Ugh! That is even more obscure. Then in addition to the "US English" (wouldn't want to break anything), would it be reasonable to add two simpler and specific entries to the SCSTR_COLUMN_USER picklist, and the code to support them, in the column parser?

"Point - decimal mark"
"Comma - decimal mark"

P.S. -- poked around in the source... could follow it as far as http://opengrok.libreoffice.org/xref/core/sc/source/ui/dbgui/scuiasciiopt.cxx#240 and populates the list box.  But I'm quickly lost in looking for indication it can distinguish a range of data formats that might be in the column. So no idea how involved this may be--Sorry.

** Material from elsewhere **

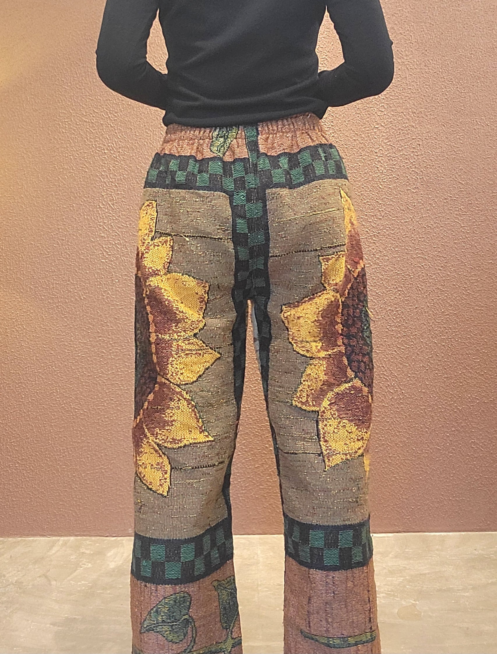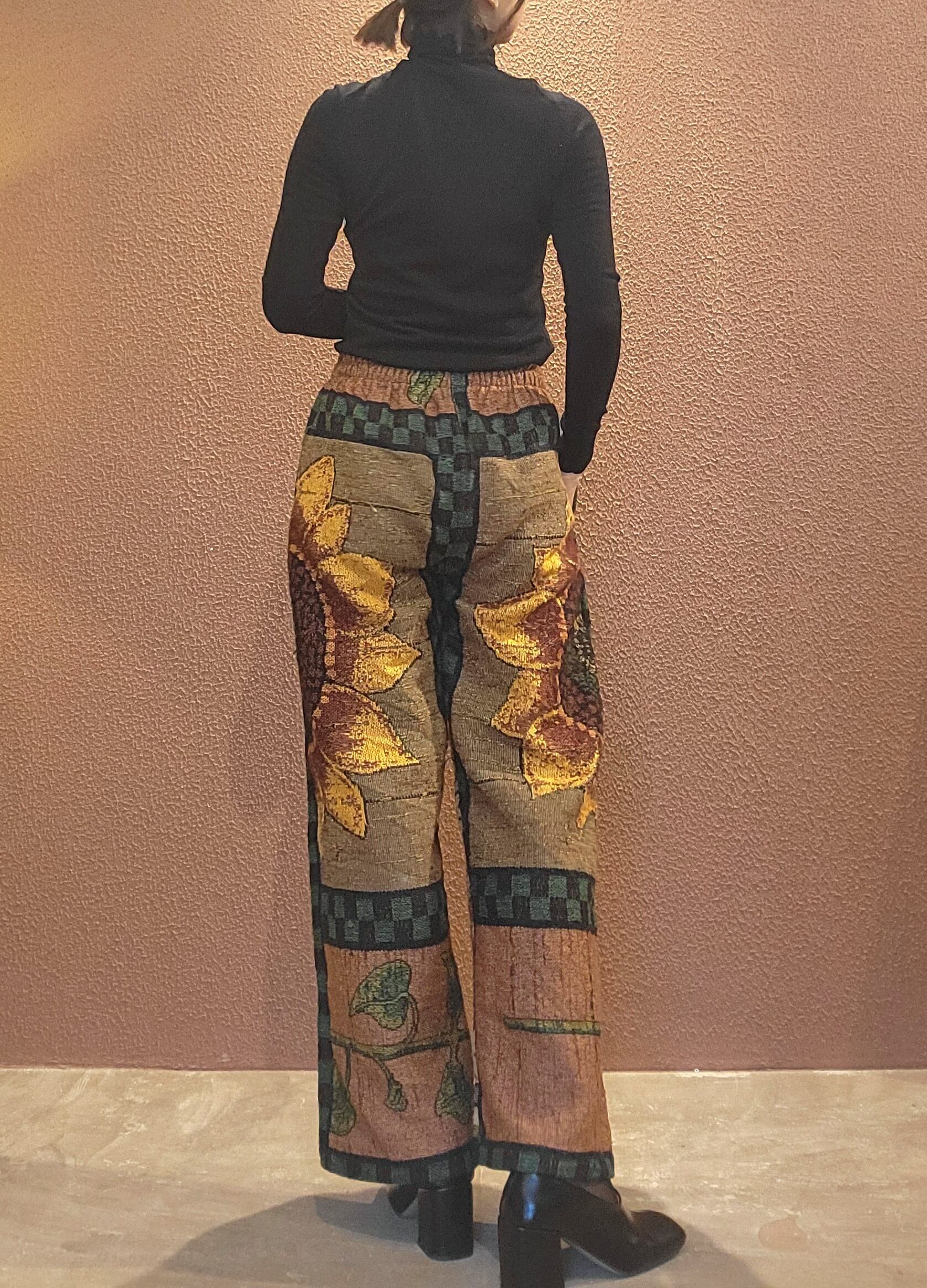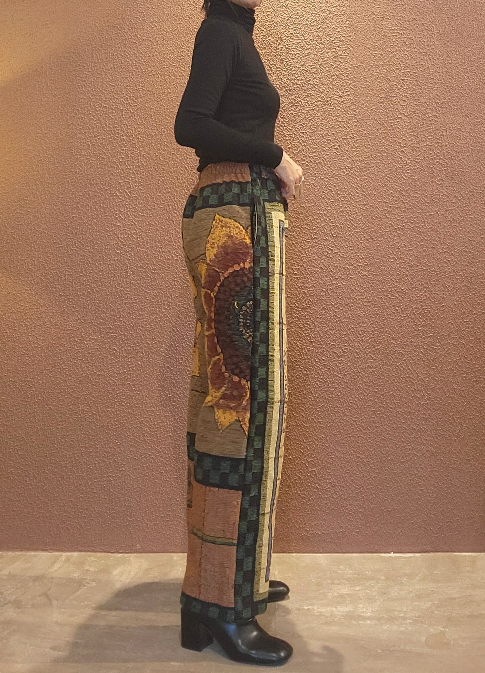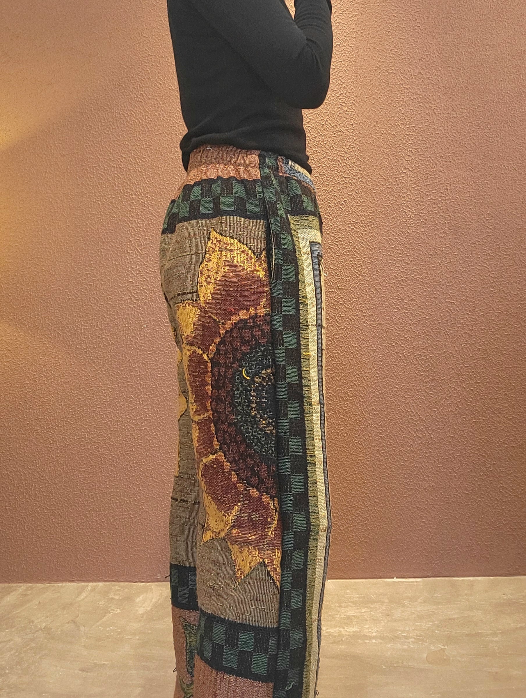 ヴィンテージのブランケットを使用したリメイクイージーパンツ。素材はコットンのようです。ウエストゴム、左右ポケット付き。ひまわりやチェッカーフラッグ等の柄にざっくりとした素材の風合いが大人のカジュアルにぴったりです。•糸つれが数カ所見られます。画像でご確認ください。

Comment 12 Xisco Faulí 2020-03-09 13:28:27 UTC Comment hidden (off-topic)
Comment 13 Laurent Balland 2020-03-09 19:16:37 UTC
From my point of view, UI does what it says:
- either data are formatted in the language indicated in the UI (for instance German in attachment 119954 [details]) ==> change language according to the language used in the file for formatting
- or data are formatted in US English, as many apparatus may produce ==> change header of affected columns
As Eike mentioned, format affects not only decimal or thousand separators, but also date format, currency, etc.